Alaska, Delaware, Utah, and Nevada are states with favorable domestic asset protection trust laws. Florida does not have a statute enabling self-settled domestic asset protection trusts. Florida law has consistently followed a public policy against self-settled trust providing asset protection for the trustmaker.
A DAPT works well in theory, and many legal experts make reasonable arguments supporting the DAPT’s asset protection. The legal issue in DAPT planning is a “conflict of law” issue. If a Florida resident forms a self-settled trust in a DAPT state such as Delaware, Alaska, Utah, etc., the legal issue is whether will Florida courts apply the protective laws of the DAPT state which has encouraged self-settled trust protections or the Florida law opposing self-settled trust protection? Resolving the conflict between Florida’s public policy against self-settled trusts and contrary policy in DAPT states is legally complicated.
In general, if a Florida debtor establishes a DAPT trust, the more that trust assets, records, and parties are situated in the DAPT state, the more likely the DAPT state laws will apply and the trust will be protected from the Florida debtor’s creditors. However, the more that the DAPT trust assets and parties are in Florida, the more likely Florida courts will apply Florida law and trust assets will not be protected from creditors. To date, no Florida court has held that a debtor’s interest in a DAPT formed under the laws of another state is protected from a Florida judgment.
It is possible to structure an estate planning trust in Florida to achieve asset protection. Although assets in the debtor’s own living trust, a form of a self-settled trust, are not protected from the debtor’s creditors, a Florida resident may protect assets in a trust created by another person.
There is authority that a debtor’s interest in a trust which the debtor forms or funds with his own non-exempt money will be protected from creditors if anyone other than the debtor is given control over trust assets. Therefore, a properly drafted Florida trust may provide the trustmaker effective asset protection even though Florida has not enacted specific asset protection trust statutes.
Do Florida Living Trusts Provide Asset Protection?
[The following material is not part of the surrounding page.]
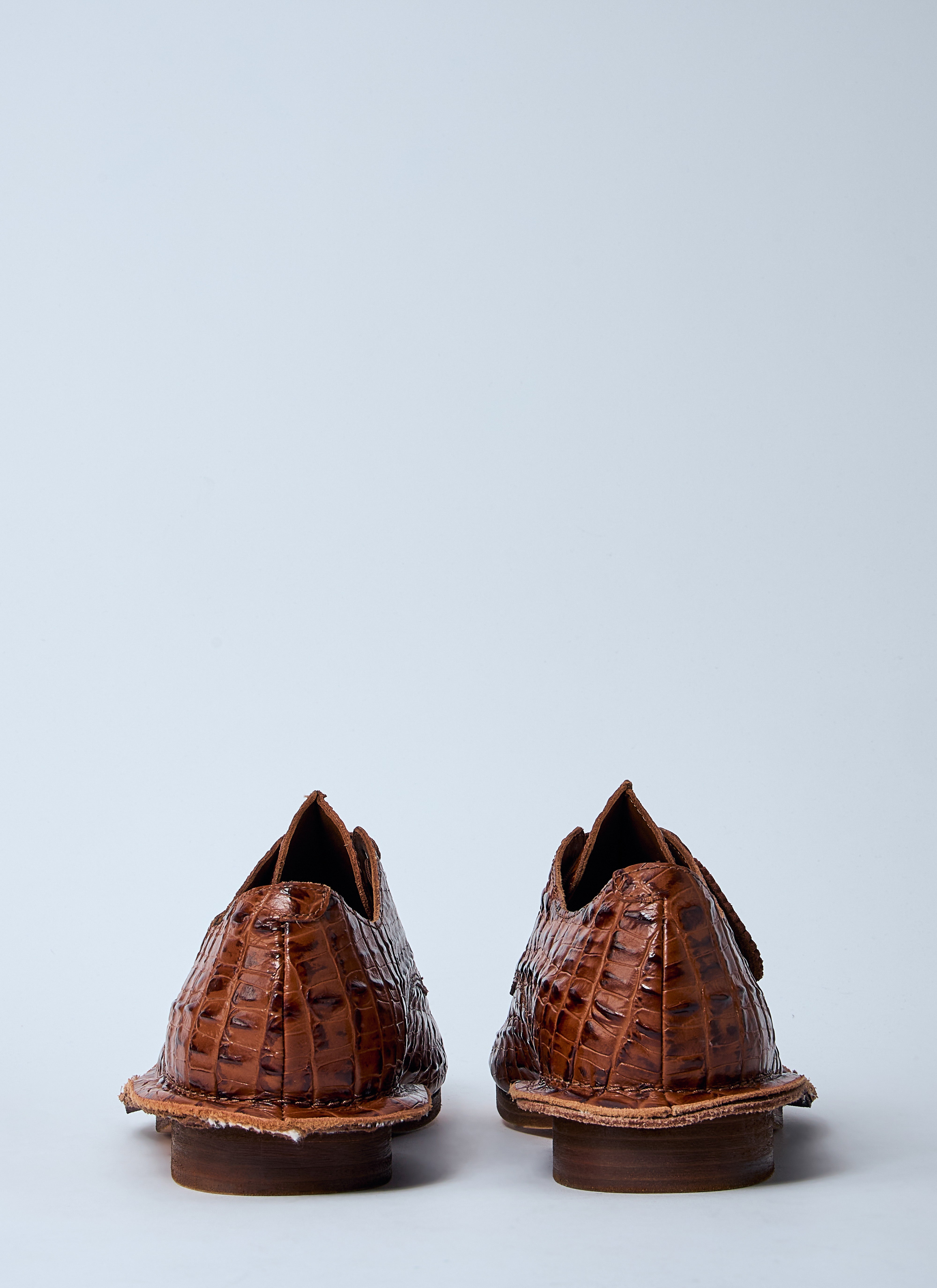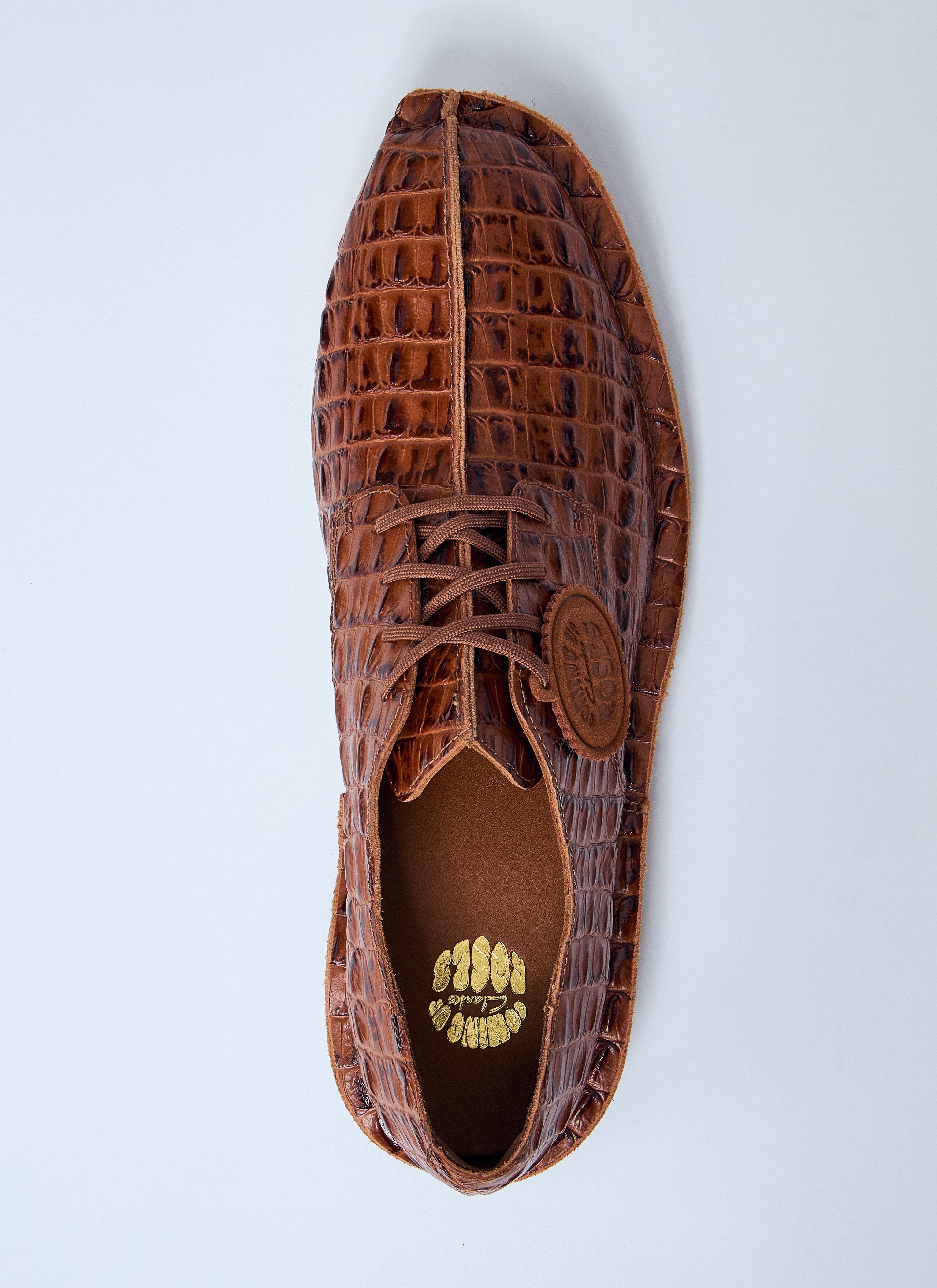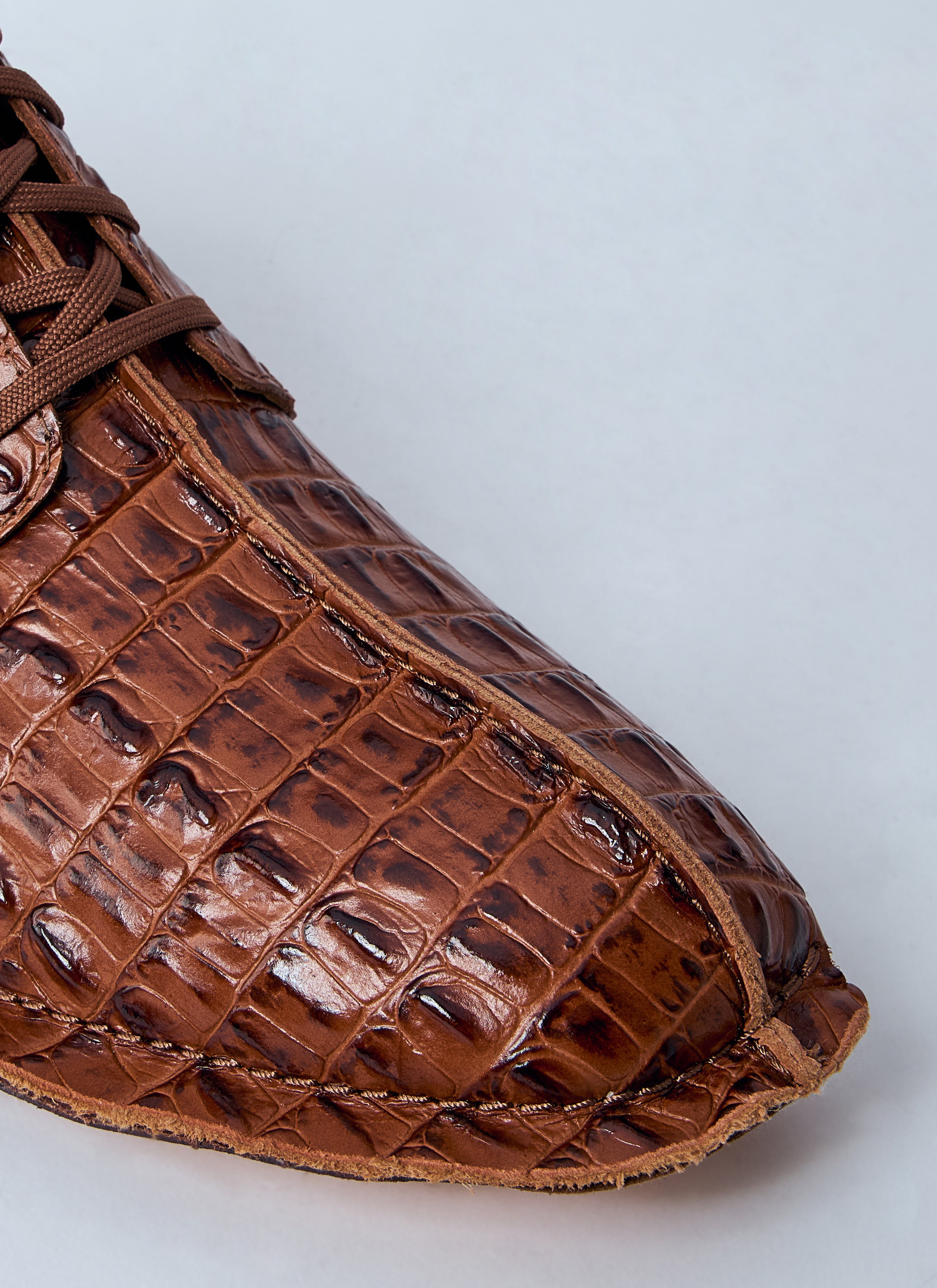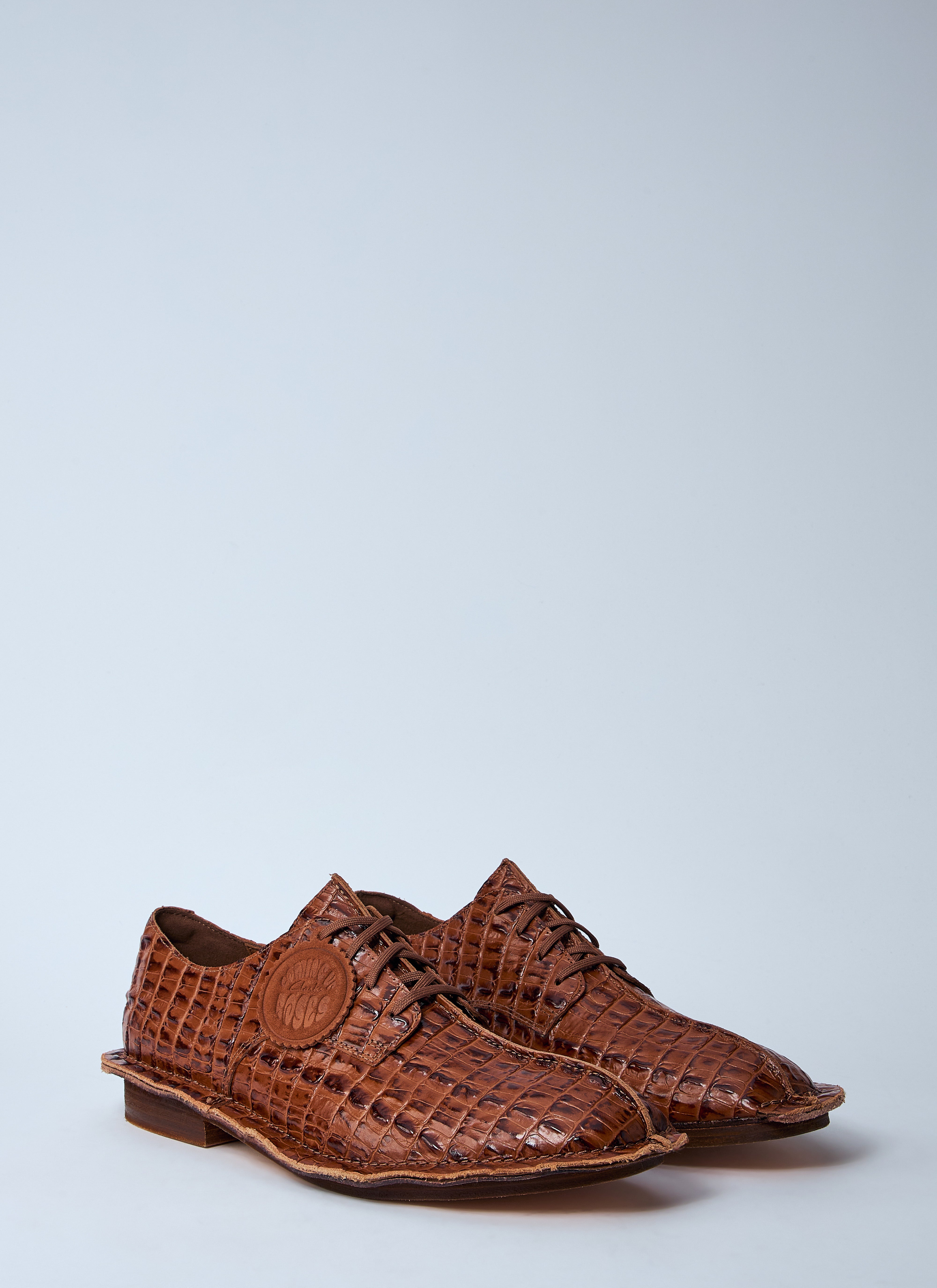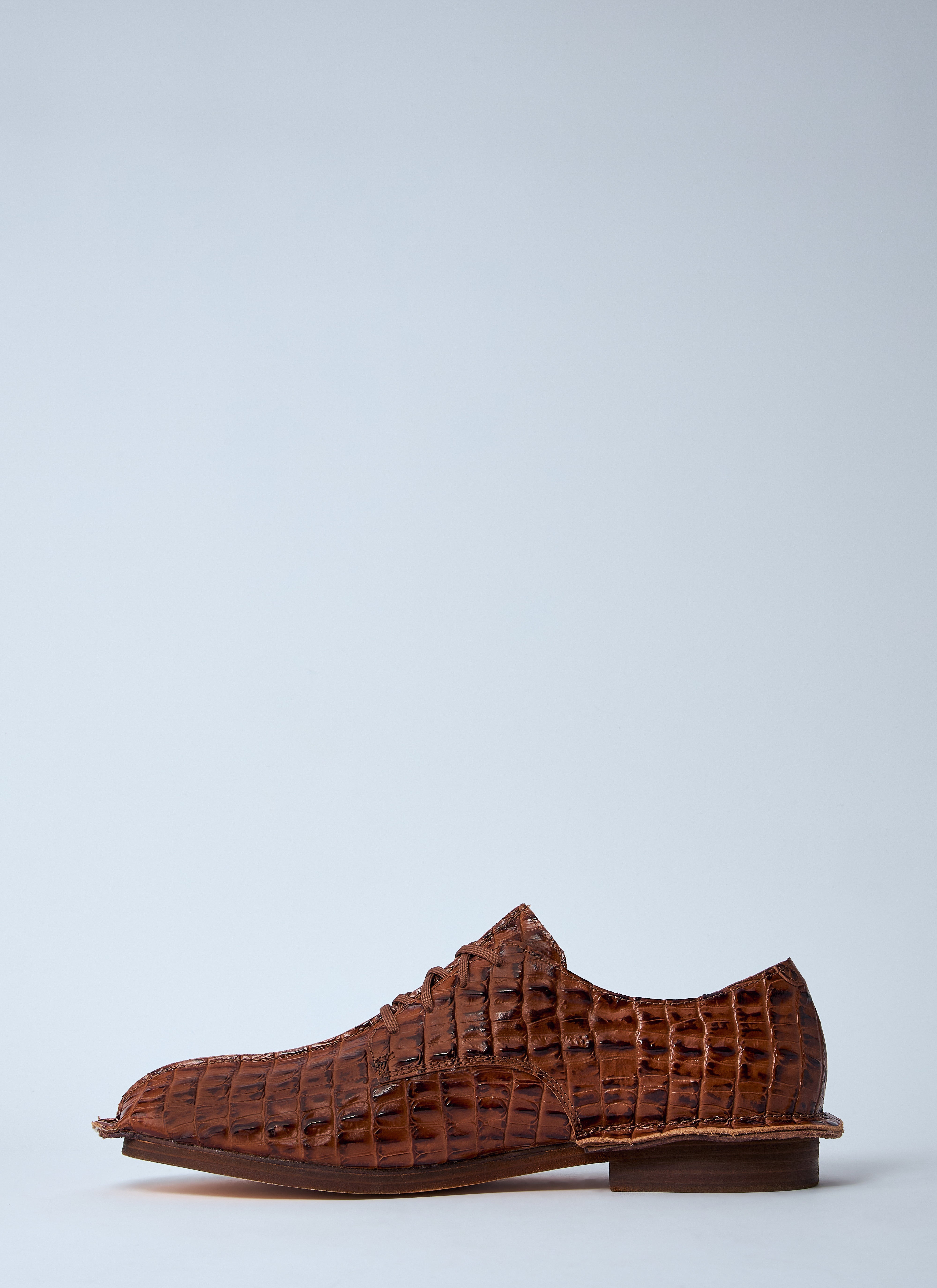 Derby shoes in croc-embossed leather with detachable logo tag.

Living trusts are a common estate planning tool. The purpose of a living trust is to avoid guardianship while the trustmaker is alive and to avoid probate after the trustmaker dies. Some people believe that their living trust also provides asset protection. A living trust is a self-settled trust because the trustmaker is the beneficiary of the trust during the trustmaker’s lifetime. Therefore, a Florida living trust provides no asset protection for the trustmaker.